Nina Koshetz


Nina Koshetz (Ukrainian: Ніна Павлівна Кошиць; Russian: Нина Павловна Кошиц; née Poray-Koshetz (uk:Порай-Кошиці); 30 December 1891 – 14 May 1965) was a Russian-Ukrainian, later American opera soprano, recital singer and actress, and the niece of Alexander Koshetz.

Nina Koshetz
Nina Koshetz in The Chase.jpg
Koshetz in The Chase, 1946
Born(1891-12-30)December 30, 1891
DiedMay 12, 1965(1965-05-12) (aged 73)

Early life and careerEdit

Nina Koshetz accompanied by Maurice Ravel in January 1928, during the composer's American tour.
Nina Koshetz with (left) her husband Alexander de Shubert and (right) Japanese artist Toyohari Yamanouchi in December 1922

Nina Koshetz was born in Kyiv, then moved to Moscow and became an opera singer. Her father, opera singer Pavel Koshetz (Ukrainian: Павло Олексійович Кошиць; ru: Павел Алексеевич Кошиц; 1863 - 2 March 1904), committed suicide in 1904, when Nina was 12 years old. From 1908–13 she studied in Moscow State Conservatory with Konstantin Igumnov and Sergei Taneyev, among others.[1]

Having received voice lessons in France from the retired dramatic soprano Felia Litvinne, she sang leading roles in opera and performed in principal opera houses across Russia and Europe. In the late 1910s she performed at the Petrograd Conservatory and was accompanied by then-unknown Vladimir Horowitz. She had initially resisted being accompanied by the unknown student, but afterward insisted only he could accompany her there; she subsequently programmed some of Horowitz's songs.

In 1920 Koshetz joined Ukrainian Republic Capella co-founded and led by her uncle Oleksandr Koshyts on their European Tour. After which she emigrated to the US and joined the Chicago Opera Association where she sang in the premiere of Prokofiev's The Love for Three Oranges (1921).[citation needed]

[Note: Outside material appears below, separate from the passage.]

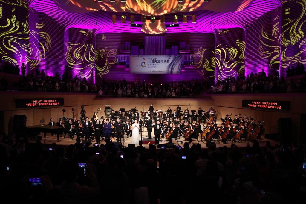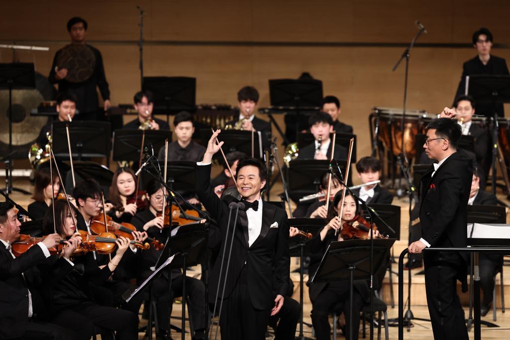 本站訊(編輯 傅燕 王樂萱 攝影 沈岳 王旌 劉東岳 繳惠琳 責任編輯 張立杰)愛是人世間的永恒議題,“愛是生命的火焰,沒有它,一切變成黑夜?!睘榱烁桧瀽?,音樂得以存在;也正是音樂的存在,這些“愛”才得以跨越時間長河。愛的頌歌唱響千萬遍,愛的禮贊走進萬家燈火、裊裊炊煙……4月28日晚,在廣大觀眾的熱切期盼下,眾多名家齊聚天津大劇院,聯袂唱響“中銀之聲”首屆天津音樂節重磅演出——“愛的禮贊”中國經典作品專場音樂會。著名指揮家李心草首次執棒天津音樂學院青年交響樂團,閻維文、雷佳、王宏偉、元杰、岳麟等著名音樂家聯袂登臺,與天音師生一同用動人音樂點亮美好夜晚,奏響一曲曲愛的贊歌。著名主持人管軍主持音樂會。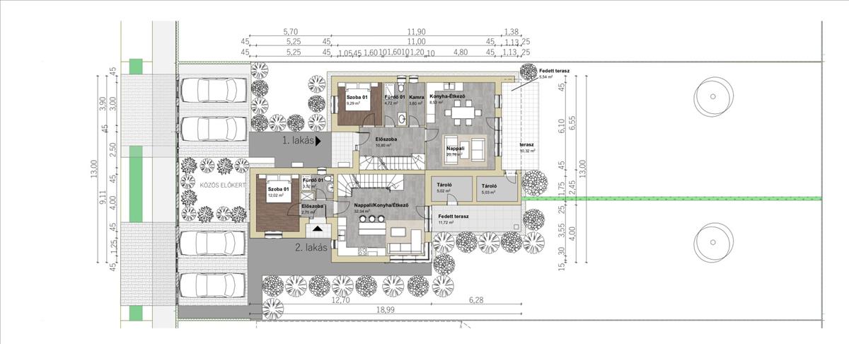Az épület magas műszaki tartalommal készül, mai kornak és elvárásoknak megfelelően. a két lakás között dupla hang-gátló fal készül és külön kerül kiöntésre a födém is. Magas hangsúlyt fektettek a két lakás külön választására, hogy mindkettő lakó funkció önálló ház életérzését nyújtsa!

Nina Koshetz later performed for the Russian Opera Company in New York City and on tour in South America. At the end of the 1920s she was active in France, where she appeared in the French premiere of Sadko. Known for her overly-extravagant life style, her vocal powers declined in the 1930s and in 1940 she retired to Hollywood where she made a living as a voice teacher and restaurateur (a venture that ended in bankruptcy in 1942). She appeared in bit parts in several Hollywood movies. She died in Santa Ana, California in 1965.[citation needed]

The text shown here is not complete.